“What this settlement between Bosveld Phosphates Pty Ltd, the Department of Environmental Affairs and the Department of Water and Sanitation, shows is that environmental crimes don’t go unpunished. While some would have expected a harsher outcome, we believe this is a step in the right direction as we continue to work together to deal with pollution in the Olifants River Catchment.”Dr. Sharon Pollard, Director of the Association for Water and Rural Development
She was speaking after the ruling in the Phalaborwa Magistrates Court on 30 July 2015 that saw Bosveld Phosphates PTY Ltd sentenced to a fine of R1, 450 million cash and a suspended sentence of R1, 1 million for water spillage at the Ga-Selati River in 2014. Bosveld Phosphates Pty Ltd pleaded guilty to contravening sections of both the National Environmental Management Act and the National Water Act through their unlawful discharge of hazardous waste water.
As noted by Dr Stefanie Freitag-Ronaldson, General Manager: Savanna & Arid Research Unit: Scientific Services at SANParks “This judgement sends a strong message that compliance to South Africa’s environmental and water management legislation is non-negotiable and management strategies must be put in place by the investors to deal with the changing climate.”
The Ga-Selati River enters the Olifants River to the south of Phalaborwa, very close to the Kruger National Park above the Massingir Dam and Mozambique. The 2014 spill polluted the river for several kilometres, severely impacting the downstream environment.
Pollard notes that while the focus has been on this spill, the incident draws attention to the entire Phalaborwa mining and industrial complex, along with coal and platinum mining upstream in the Olifants Catchment, and the pressure it puts on an already stressed river system.
“Our research into the resilience of the Limpopo River Basin and the Olifants Catchment in particular indicates that there have been spills every year for a long time, not just from Bosveld. At the end of the day the mines and associated industries can’t cope with the amount of effluent they produce and this represents an ongoing source of risk to the people and natural resources in the catchment.”Dr. Sharon Pollard
A recent study that forms part of the USAID: RESILIM O (a USAID-funded project to make the Olifants Catchment more resilient to change, especially through climate change and its impacts on natural resources and people) highlighted some of the major water quality issues. Samples taken at 28 points along the river show high salinity associated with mining activities, acid mine drainage and irrigated agricultural practices.

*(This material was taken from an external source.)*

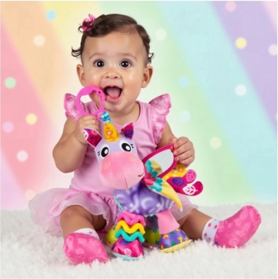 Suchen Sie ein Sinnes-Spielzeug, das Ihr Baby auf den ersten Blick und Berührung begeistert? Einhorn Stella kombiniert weiche Plüschmaterialien, knisternde Flügel, klingelnde Ringe und ein sicheres Spiegelchen am Flügel. Ein glänzendes Horn, ein silberner Flügel und ein mehrlagiger Schweif unterstützen neugieriges Entdecken und die Feinmotorik.

There are also concerns around sulphate levels associated with mining and acid mine drainage, phosphate levels associated with wastewater treatment and agricultural practices (phosphate fertilizers) and pH levels associated with mining and acid mine drainage. “And climate change is likely to exacerbate the strain that the system is under, with increased temperatures, evaporation, flooding and droughts. This impacts the livelihoods of the poor and vulnerable as well as affecting agriculture and food security,” notes Pollard.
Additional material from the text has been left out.